● **About this exercise**: Go through the listing below and retype exactly the lines starting at the one with "首先看外观,大部分人肯定不会" and ending at the one with "배우 배두나. 2일 방송된", skipping pictures.

● **Material shown**:
========

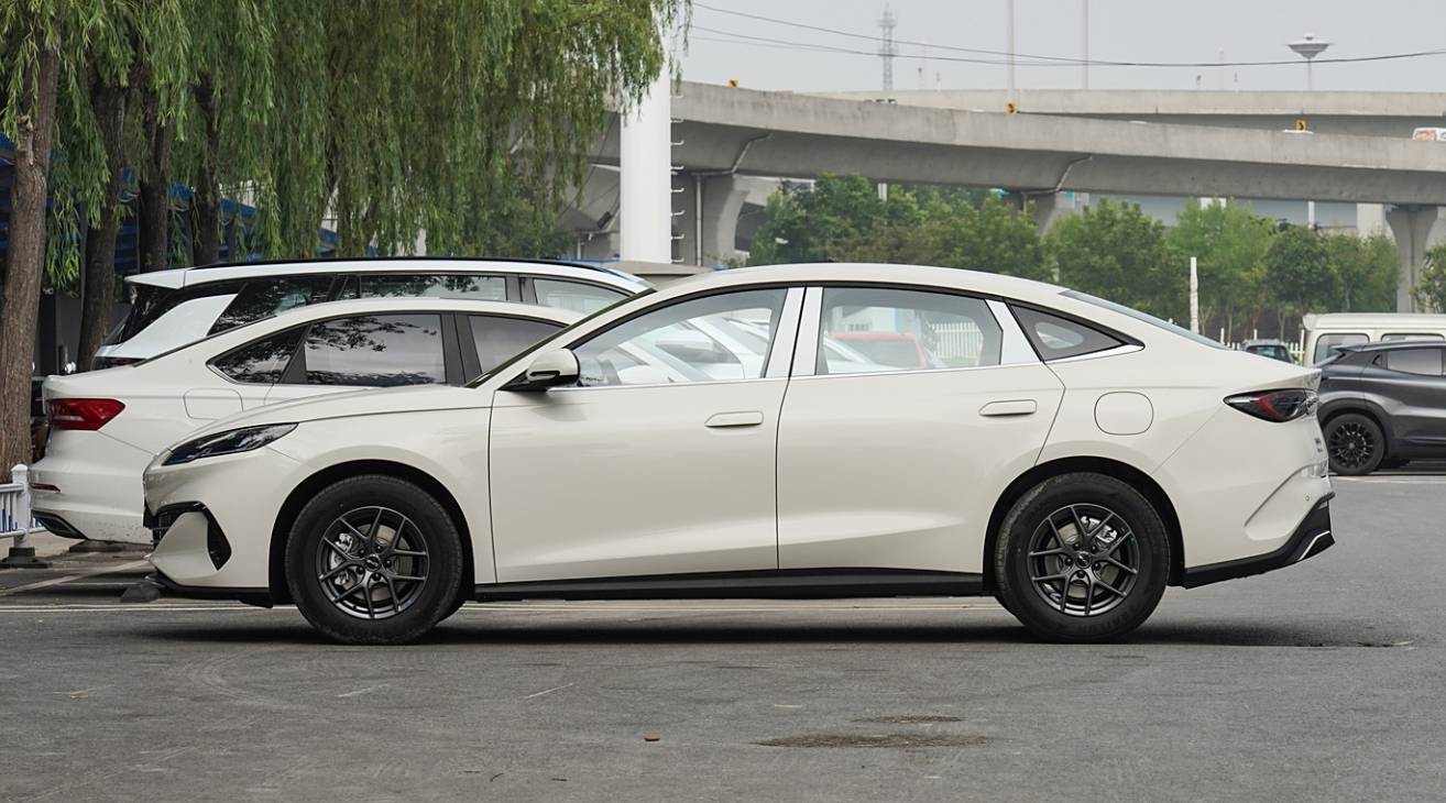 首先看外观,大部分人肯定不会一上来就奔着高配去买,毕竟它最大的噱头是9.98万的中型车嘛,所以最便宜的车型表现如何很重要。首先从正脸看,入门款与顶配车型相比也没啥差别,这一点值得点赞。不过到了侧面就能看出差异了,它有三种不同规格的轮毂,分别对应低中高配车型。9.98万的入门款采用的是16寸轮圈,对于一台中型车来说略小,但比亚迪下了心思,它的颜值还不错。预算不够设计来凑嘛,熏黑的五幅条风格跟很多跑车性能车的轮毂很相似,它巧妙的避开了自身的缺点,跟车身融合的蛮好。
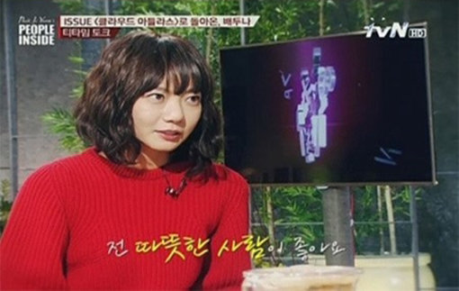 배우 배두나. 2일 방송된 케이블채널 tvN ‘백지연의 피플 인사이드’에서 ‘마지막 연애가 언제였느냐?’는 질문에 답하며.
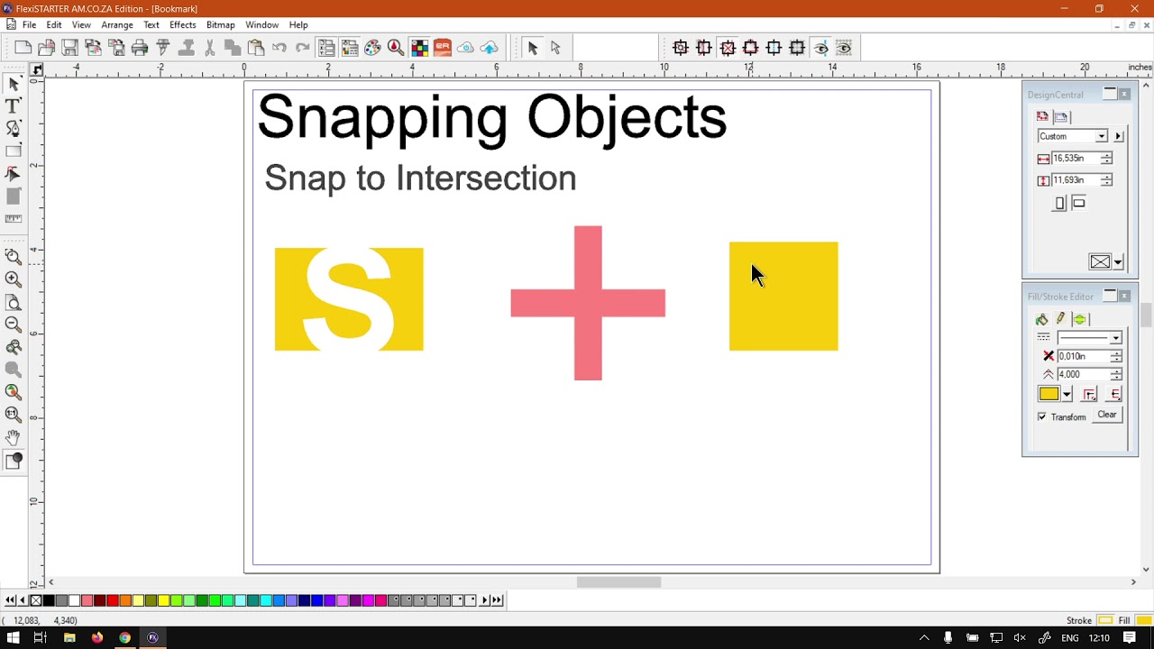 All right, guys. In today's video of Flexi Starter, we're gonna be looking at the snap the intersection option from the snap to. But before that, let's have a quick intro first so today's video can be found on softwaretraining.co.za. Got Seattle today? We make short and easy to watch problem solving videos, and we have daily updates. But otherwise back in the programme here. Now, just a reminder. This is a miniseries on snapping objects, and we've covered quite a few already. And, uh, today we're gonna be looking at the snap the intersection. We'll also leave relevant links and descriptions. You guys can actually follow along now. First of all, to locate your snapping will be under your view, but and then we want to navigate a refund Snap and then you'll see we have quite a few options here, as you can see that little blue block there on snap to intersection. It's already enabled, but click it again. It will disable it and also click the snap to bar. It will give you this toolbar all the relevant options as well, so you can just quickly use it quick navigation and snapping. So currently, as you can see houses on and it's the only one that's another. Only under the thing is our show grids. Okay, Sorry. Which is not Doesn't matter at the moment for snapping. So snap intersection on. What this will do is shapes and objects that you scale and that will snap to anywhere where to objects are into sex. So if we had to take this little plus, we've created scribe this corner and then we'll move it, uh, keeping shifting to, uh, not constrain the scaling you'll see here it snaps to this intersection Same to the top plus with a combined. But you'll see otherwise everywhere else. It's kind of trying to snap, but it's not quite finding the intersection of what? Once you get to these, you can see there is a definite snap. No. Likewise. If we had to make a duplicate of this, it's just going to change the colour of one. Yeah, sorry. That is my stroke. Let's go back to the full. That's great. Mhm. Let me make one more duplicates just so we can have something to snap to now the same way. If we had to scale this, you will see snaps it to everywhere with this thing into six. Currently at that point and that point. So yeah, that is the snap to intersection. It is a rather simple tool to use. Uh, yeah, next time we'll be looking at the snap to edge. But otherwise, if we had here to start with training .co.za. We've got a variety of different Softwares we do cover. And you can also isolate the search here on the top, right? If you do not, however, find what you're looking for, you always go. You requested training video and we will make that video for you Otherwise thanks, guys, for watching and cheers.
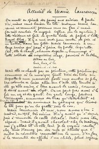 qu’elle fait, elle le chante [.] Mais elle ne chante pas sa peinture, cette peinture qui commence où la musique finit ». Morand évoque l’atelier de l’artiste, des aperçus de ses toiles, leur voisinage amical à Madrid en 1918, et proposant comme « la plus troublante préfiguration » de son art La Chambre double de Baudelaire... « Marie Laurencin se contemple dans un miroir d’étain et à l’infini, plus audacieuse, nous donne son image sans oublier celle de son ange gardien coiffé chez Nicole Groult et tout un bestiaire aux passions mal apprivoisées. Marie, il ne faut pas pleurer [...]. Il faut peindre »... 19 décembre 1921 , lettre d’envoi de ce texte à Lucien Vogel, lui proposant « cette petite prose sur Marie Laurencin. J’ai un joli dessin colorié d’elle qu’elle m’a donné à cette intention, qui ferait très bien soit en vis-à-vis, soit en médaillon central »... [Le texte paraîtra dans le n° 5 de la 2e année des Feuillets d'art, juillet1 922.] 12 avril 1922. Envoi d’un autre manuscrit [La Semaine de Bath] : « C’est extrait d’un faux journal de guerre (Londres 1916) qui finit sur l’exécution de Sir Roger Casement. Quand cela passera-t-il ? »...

========

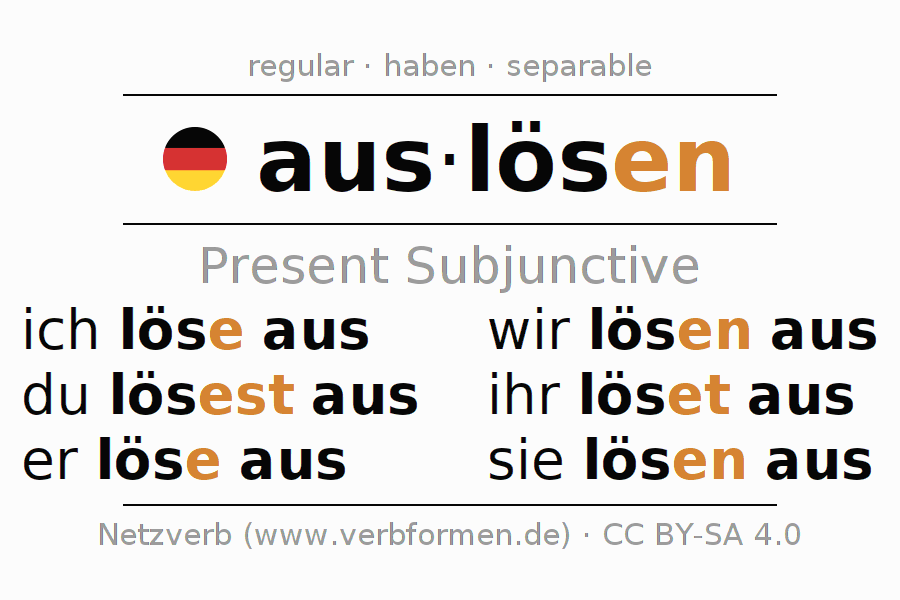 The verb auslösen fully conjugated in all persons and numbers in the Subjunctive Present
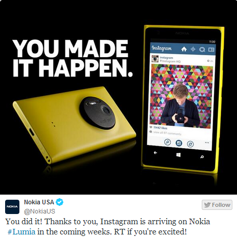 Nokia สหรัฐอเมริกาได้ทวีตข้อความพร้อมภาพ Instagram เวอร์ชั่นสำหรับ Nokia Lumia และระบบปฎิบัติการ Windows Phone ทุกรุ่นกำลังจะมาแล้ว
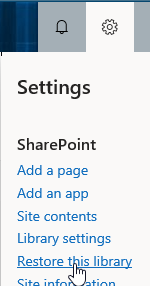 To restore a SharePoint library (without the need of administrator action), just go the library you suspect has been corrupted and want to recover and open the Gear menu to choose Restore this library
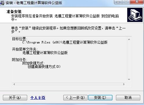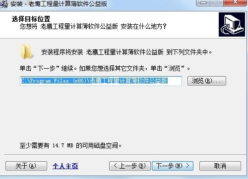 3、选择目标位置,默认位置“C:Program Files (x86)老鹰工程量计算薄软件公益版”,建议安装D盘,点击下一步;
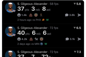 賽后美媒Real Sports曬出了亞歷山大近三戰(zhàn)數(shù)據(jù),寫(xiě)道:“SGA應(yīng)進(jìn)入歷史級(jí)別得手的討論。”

========

● **Task solution**:
 首先看外观,大部分人肯定不会一上来就奔着高配去买,毕竟它最大的噱头是9.98万的中型车嘛,所以最便宜的车型表现如何很重要。首先从正脸看,入门款与顶配车型相比也没啥差别,这一点值得点赞。不过到了侧面就能看出差异了,它有三种不同规格的轮毂,分别对应低中高配车型。9.98万的入门款采用的是16寸轮圈,对于一台中型车来说略小,但比亚迪下了心思,它的颜值还不错。预算不够设计来凑嘛,熏黑的五幅条风格跟很多跑车性能车的轮毂很相似,它巧妙的避开了自身的缺点,跟车身融合的蛮好。
 배우 배두나. 2일 방송된 케이블채널 tvN ‘백지연의 피플 인사이드’에서 ‘마지막 연애가 언제였느냐?’는 질문에 답하며.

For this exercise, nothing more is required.